REQUIREMENT: Using the listing below, set down each line from the line containing "1 kép Kézzel" through the line containing "Zara marka,beyaz renk", both ends included, exactly and with nothing added.

DATA RECORDS:
::::::
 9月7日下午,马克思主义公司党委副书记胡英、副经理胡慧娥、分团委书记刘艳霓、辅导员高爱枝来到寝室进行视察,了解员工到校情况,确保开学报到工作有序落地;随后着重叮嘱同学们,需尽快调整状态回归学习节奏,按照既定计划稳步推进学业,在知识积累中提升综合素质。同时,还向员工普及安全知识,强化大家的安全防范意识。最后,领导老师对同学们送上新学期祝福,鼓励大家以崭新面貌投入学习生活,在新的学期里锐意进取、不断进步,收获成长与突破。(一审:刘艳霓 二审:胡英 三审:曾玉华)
::::::
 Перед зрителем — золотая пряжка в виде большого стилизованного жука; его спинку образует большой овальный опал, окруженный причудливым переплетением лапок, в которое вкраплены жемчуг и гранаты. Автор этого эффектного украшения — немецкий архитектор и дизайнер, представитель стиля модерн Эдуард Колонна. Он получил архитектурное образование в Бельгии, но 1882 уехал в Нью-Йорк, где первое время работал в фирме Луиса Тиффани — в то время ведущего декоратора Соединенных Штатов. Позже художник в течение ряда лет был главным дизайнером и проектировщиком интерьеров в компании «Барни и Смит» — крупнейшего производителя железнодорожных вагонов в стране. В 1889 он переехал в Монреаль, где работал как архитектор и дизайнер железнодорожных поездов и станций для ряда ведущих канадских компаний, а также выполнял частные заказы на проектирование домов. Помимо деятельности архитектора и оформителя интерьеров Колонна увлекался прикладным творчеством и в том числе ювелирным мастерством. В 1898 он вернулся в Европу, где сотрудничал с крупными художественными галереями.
::::::
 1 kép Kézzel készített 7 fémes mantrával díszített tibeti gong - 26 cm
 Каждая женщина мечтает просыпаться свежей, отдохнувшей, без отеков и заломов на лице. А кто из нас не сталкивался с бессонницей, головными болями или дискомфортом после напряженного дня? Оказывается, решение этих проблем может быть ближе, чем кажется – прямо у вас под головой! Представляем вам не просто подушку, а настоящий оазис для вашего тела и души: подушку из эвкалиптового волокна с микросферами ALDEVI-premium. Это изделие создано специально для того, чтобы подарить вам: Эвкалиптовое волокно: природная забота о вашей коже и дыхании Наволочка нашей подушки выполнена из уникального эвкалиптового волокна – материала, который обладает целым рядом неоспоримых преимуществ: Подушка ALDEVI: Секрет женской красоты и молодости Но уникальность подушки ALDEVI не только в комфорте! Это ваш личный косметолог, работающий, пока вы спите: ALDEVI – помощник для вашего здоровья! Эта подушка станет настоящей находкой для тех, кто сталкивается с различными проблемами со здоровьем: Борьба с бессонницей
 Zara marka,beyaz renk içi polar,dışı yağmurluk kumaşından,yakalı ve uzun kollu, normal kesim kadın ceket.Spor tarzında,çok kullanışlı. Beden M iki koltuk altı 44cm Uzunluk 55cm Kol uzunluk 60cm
::::::
EXERCISE ANSWER:
 1 kép Kézzel készített 7 fémes mantrával díszített tibeti gong - 26 cm
 Каждая женщина мечтает просыпаться свежей, отдохнувшей, без отеков и заломов на лице. А кто из нас не сталкивался с бессонницей, головными болями или дискомфортом после напряженного дня? Оказывается, решение этих проблем может быть ближе, чем кажется – прямо у вас под головой! Представляем вам не просто подушку, а настоящий оазис для вашего тела и души: подушку из эвкалиптового волокна с микросферами ALDEVI-premium. Это изделие создано специально для того, чтобы подарить вам: Эвкалиптовое волокно: природная забота о вашей коже и дыхании Наволочка нашей подушки выполнена из уникального эвкалиптового волокна – материала, который обладает целым рядом неоспоримых преимуществ: Подушка ALDEVI: Секрет женской красоты и молодости Но уникальность подушки ALDEVI не только в комфорте! Это ваш личный косметолог, работающий, пока вы спите: ALDEVI – помощник для вашего здоровья! Эта подушка станет настоящей находкой для тех, кто сталкивается с различными проблемами со здоровьем: Борьба с бессонницей
 Zara marka,beyaz renk içi polar,dışı yağmurluk kumaşından,yakalı ve uzun kollu, normal kesim kadın ceket.Spor tarzında,çok kullanışlı. Beden M iki koltuk altı 44cm Uzunluk 55cm Kol uzunluk 60cm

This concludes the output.